• _Brief_:
Pictures excluded, please retype exactly the lines from the start of the data through the line that contains "서천군 화양면 금강 자전거길이 코스모스 꽃길로 단장되어 여행객을 반기고 있습니다.", both ends kept, and nothing beyond them.
====== Input material ======
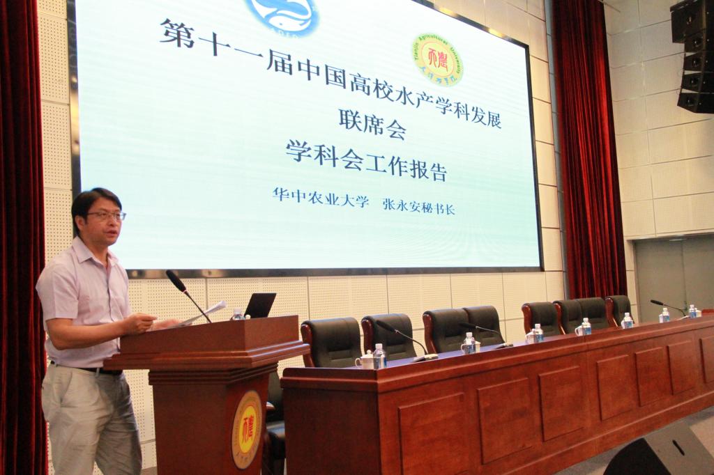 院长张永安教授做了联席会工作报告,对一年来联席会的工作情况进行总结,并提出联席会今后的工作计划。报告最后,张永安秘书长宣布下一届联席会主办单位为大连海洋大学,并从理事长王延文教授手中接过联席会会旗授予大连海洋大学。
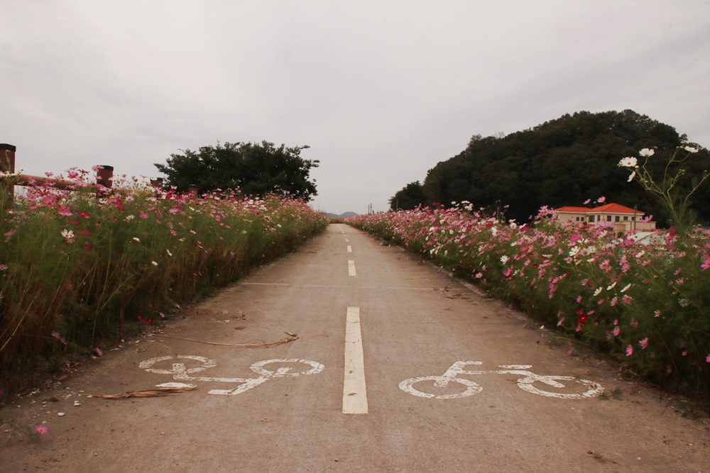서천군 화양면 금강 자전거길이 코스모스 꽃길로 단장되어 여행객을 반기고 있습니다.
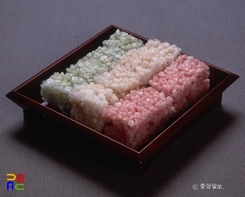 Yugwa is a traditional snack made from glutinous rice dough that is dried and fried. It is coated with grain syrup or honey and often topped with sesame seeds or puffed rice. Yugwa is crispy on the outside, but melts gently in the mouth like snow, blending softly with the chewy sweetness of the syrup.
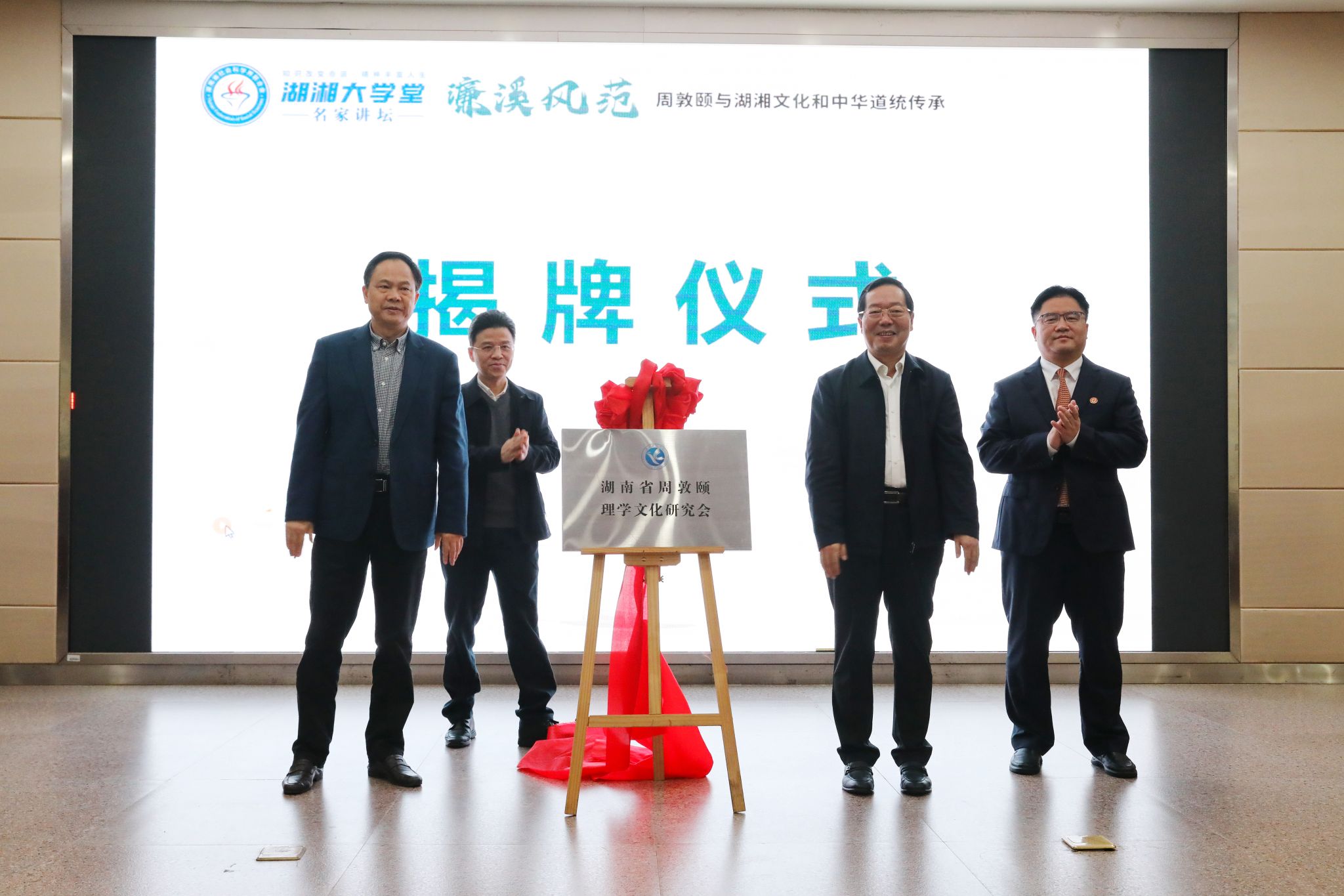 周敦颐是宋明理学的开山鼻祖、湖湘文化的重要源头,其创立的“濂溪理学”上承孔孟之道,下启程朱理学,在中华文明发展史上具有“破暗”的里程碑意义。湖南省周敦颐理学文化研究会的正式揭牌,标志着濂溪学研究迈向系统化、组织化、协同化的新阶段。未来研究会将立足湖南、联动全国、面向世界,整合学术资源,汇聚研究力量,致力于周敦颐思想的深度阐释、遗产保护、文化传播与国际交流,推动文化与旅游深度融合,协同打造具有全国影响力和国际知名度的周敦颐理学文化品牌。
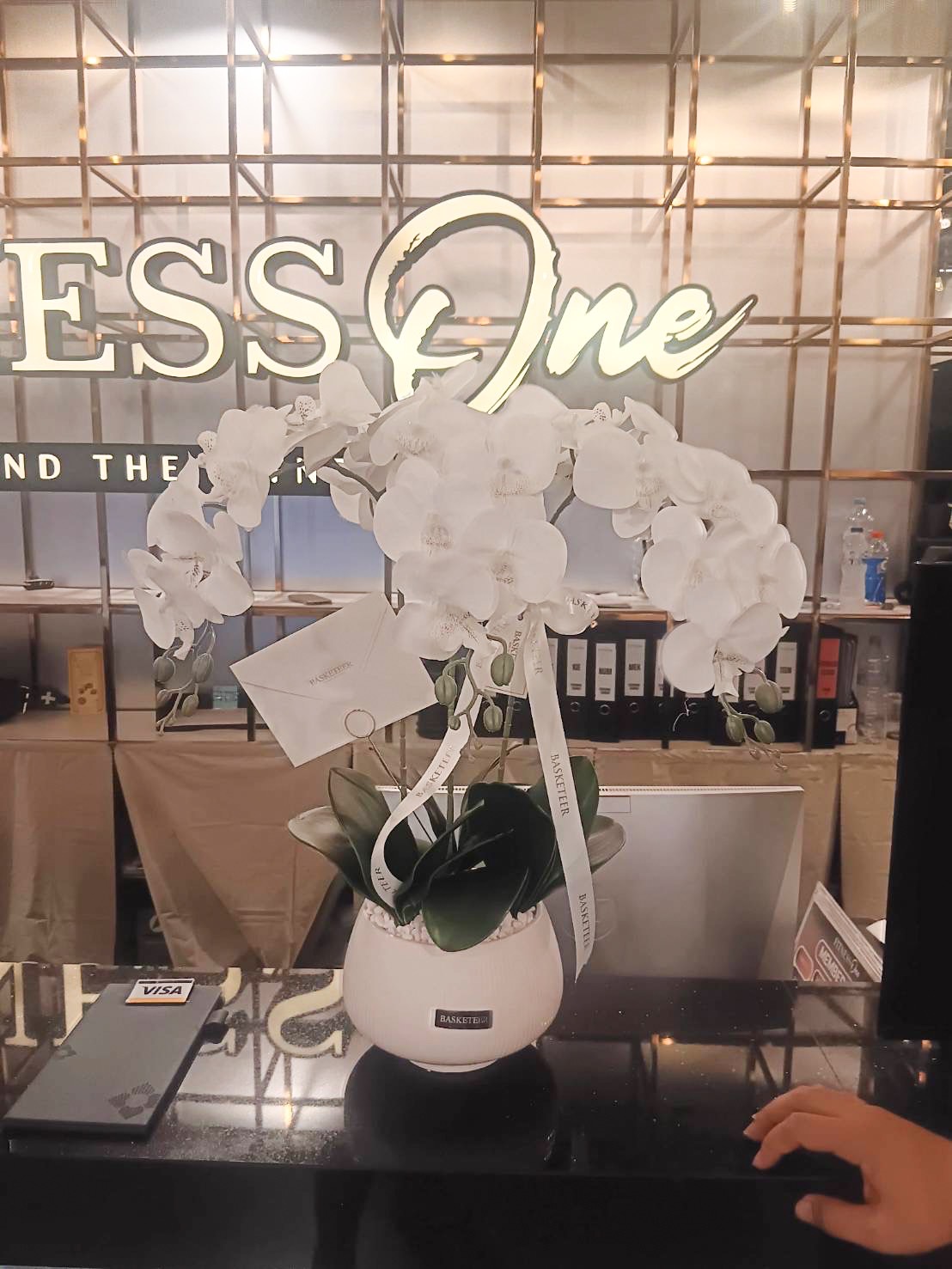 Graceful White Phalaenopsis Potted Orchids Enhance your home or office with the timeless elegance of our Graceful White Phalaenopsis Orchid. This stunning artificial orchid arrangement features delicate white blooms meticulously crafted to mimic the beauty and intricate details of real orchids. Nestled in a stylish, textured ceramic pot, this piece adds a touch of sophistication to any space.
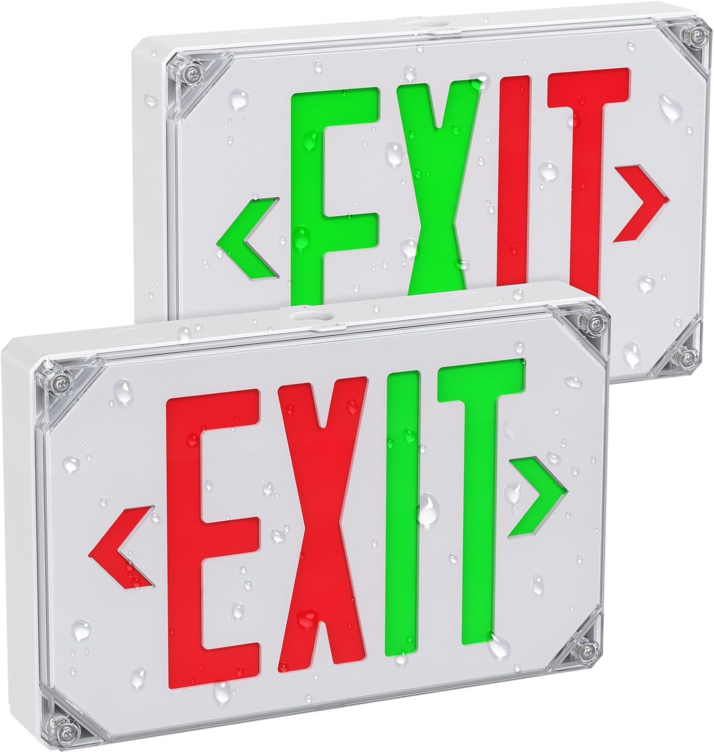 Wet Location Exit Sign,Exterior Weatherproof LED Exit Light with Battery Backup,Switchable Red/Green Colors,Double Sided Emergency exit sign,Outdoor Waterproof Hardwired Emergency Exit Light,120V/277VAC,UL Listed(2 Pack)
======
• _Solution to this problem_:
 院长张永安教授做了联席会工作报告,对一年来联席会的工作情况进行总结,并提出联席会今后的工作计划。报告最后,张永安秘书长宣布下一届联席会主办单位为大连海洋大学,并从理事长王延文教授手中接过联席会会旗授予大连海洋大学。
서천군 화양면 금강 자전거길이 코스모스 꽃길로 단장되어 여행객을 반기고 있습니다.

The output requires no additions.